From the large number of known flame retardants or fire extinguishing agents, the effect of which is based on the formation of a closed, possibly foam-like layer, the products which are used when coating the nonwoven, for example bituminizing, and of course when laying the roofing membranes, for example, are to be used When welding the individual sheets or flaming up, there is still no change in the roofing sheet equipped in this way. On the other hand, if the melting point of the fiber material of the nonwoven used is exceeded, a reaction of the flame-retardant material must be expected, which ensures the formation of a coherent skin or layer even if the threads of the nonwoven melt away. If this condition is not met, there is a risk that the flame retardant additive will disappear with the melted polymer material of the nonwoven melts and can no longer provide sufficient protection against the underlying layers.

When using flame-retardant agents that do not yet have such incrustation or sintering in the vicinity of the melting temperature of the polymer material of the nonwoven fabric, the addition of suitable compounds, if necessary, should ensure that resins and the like ensure that the flame-retardant material is in place in the event of a fire is fixed.

Due to the melting of the nonwoven fabric in the roofing membranes is a considerable difference compared to the bitumen-well plates, according to the German Offenlegungsschrift 26 55 038 in which the stiffener is carried out by de nichtschmelzen- _j prone to charring cardboard.

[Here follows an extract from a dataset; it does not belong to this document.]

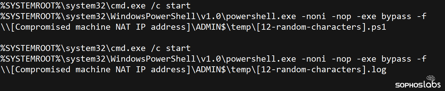 A few minutes later, the attackers moved copies of two ransomware binaries, named <target>local.exe and <target>share.exe (with the target organization’s name in the filename, redacted here) to an internal server and executed it.

For this reason, there are obviously also fire-retardant agents which cause the flames to be “blown out” with the aid of inert gases or extinguished by trapping radicals. Such agents are unsuitable as flame-retardant additives for nonwoven-reinforced roofing membranes, since they can no longer show their effect at the desired location after the thread material of the nonwoven has melted away.

In the event of a fire, a surface-covering, preferably foam-like layer should form at high temperatures in accordance with the invention, which cannot flow off through non-melting nonwoven layers, but, like the metal foil according to the prior art, spread the fire into the nonwoven layers and bitumen layers underneath as well as the others Roof structure prevented.

Claims (4)

1. Nonwoven fabric made of synthetic fibers or filaments for the production of roofing membranes by coating with meltable coating compositions, characterized in that the nonwoven fabric is provided with a flame-retardant finish known per se, which is still inert at the processing temperatures of the coating composition and the roofing membrane, at higher temperatures However, temperatures forms a largely closed, preferably foam-like layer. 2. Nonwoven fabric according to claim 1, characterized in that the flame retardant finish is already solidified as a layer when the melting temperature of the filaments or fibers of the nonwoven material is exceeded so that it remains in place even if the fibers or filaments carrying it melt away the nonwoven. 3. Nonwoven fabric according to claim 1 or 2, characterized in that the nonwoven fabric consists of a thread-forming polyester. 4. Nonwoven fabric according to one of the preceding claims, characterized in that the flame retardant finish is inert at least up to about 220 ° C, preferably up to about 250 ° C, but is already consolidated at temperatures above about 300 ° C so that it is without the hold by the fibers or filaments of the nonwoven remains in place.